Many agricultural systems flamed out and vanished long ago. China has beat the odds, and remained in the farm business for over 3,000 years. This is often cited as proof that sustainable agriculture is possible. But McNeill points out that their longevity is the result of sequentially replacing one unsustainable mode with a different unsustainable mode. They will eventually run out of tricks and flame out. A process that regularly pulverizes soils and depletes nutrients cannot have a long-term future, and irrigated systems usually flame out faster.
Food is one thing that humans actually need. McNeill describes how agriculture has become far more destructive in the last hundred years. It produces more food, degrades more land, and spurs population growth, seriously worsening many other problems. Readers learn about erosion, heavy machinery, synthetic fertilizers, salinization, pesticides, herbicides, water mining, and so on. Our ability to continue feeding a massive herd will face huge challenges in the coming years.

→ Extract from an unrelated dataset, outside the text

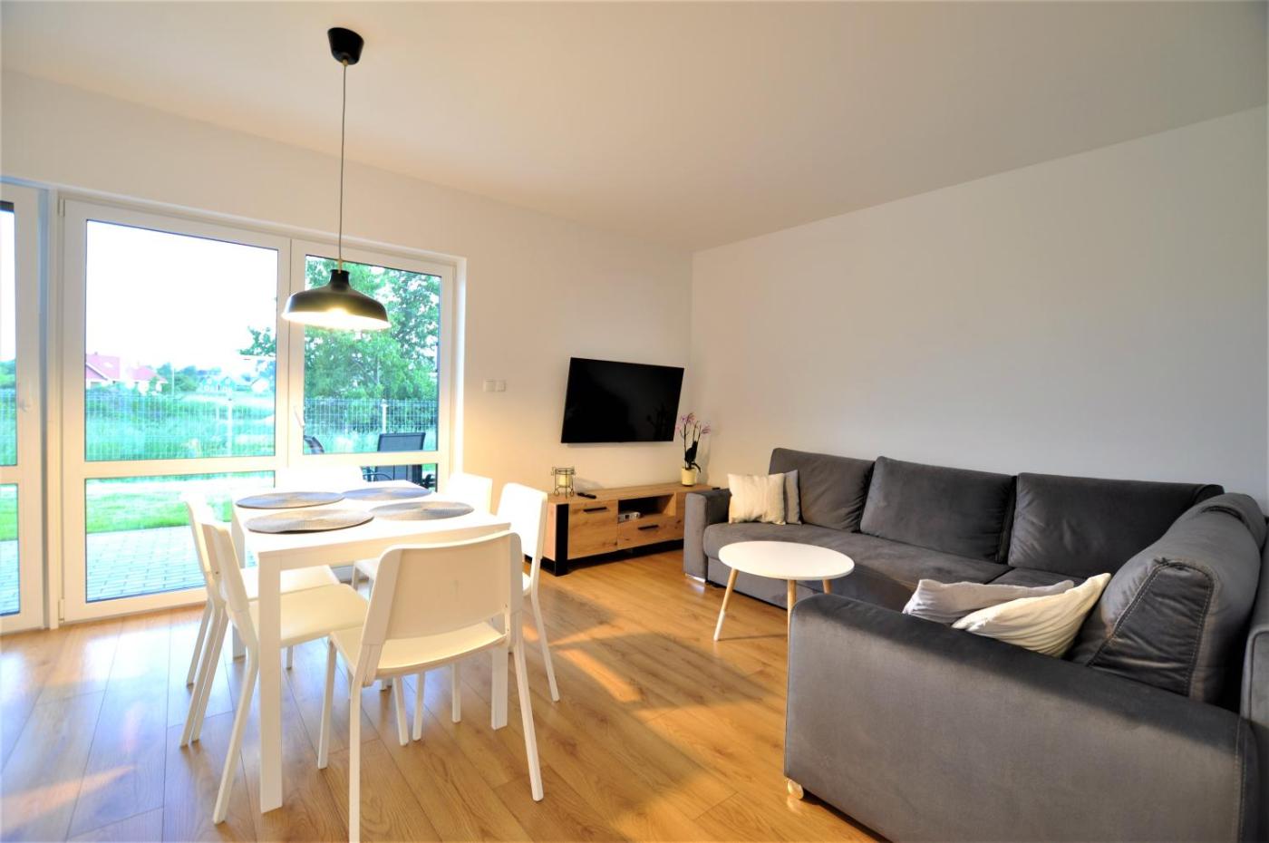 Apartament z 2 sypialniami. Guests will find a stovetop, a refrigerator, a dishwasher and kitchenware in the fully equipped kitchenette. The apartment also includes a barbecue. The apartment features a washing machine, a private entrance, a tea and coffee maker as well as a terrace with garden views. The unit has 3 beds. Apartament - 6 osobowy. Powierzchnia pokoju ok.: 50 mkw.

In addition to troublesome agriculture, we stirred fossil energy and industrialization into the pot, and it exploded. The twentieth century was like an asteroid strike — a tumultuous pandemonium never seen before, that can never be repeated. Tragically, this era of roaring helter-skelter is what most people today perceive to be “normal.” Life has always been like this, we think, because this is how it’s been since grandma was born. History Deficiency Syndrome leads to a life of vivid hallucinations. There is a highly effective antidote: learning.
The “normal” mindset is trained to focus on the benefits, and ignore the costs. With a bright torch, McNeill leads his readers down into a sacred cave, where the walls are covered with images of our culture’s darkest secrets. In this vast grotto, we record the many, many things that are never mentioned in the daylight world above, because they clash with our myths of progress and human superiority — similar to the way that dinosaur bones make creationists twitch and squirm. The bones contradict the myths, an embarrassing dilemma.
So, with the swish of a magic wand, we’ve made the bones invisible in our schools, workplaces, newsrooms, churches, and homes. We keep them in the cave. In the normal daylight world, we are constantly blasted by a fire hose of frivolous information, ridiculous balderdash, and titillating rubbish. The myths are safe. The world was made for humans. We are the greatest.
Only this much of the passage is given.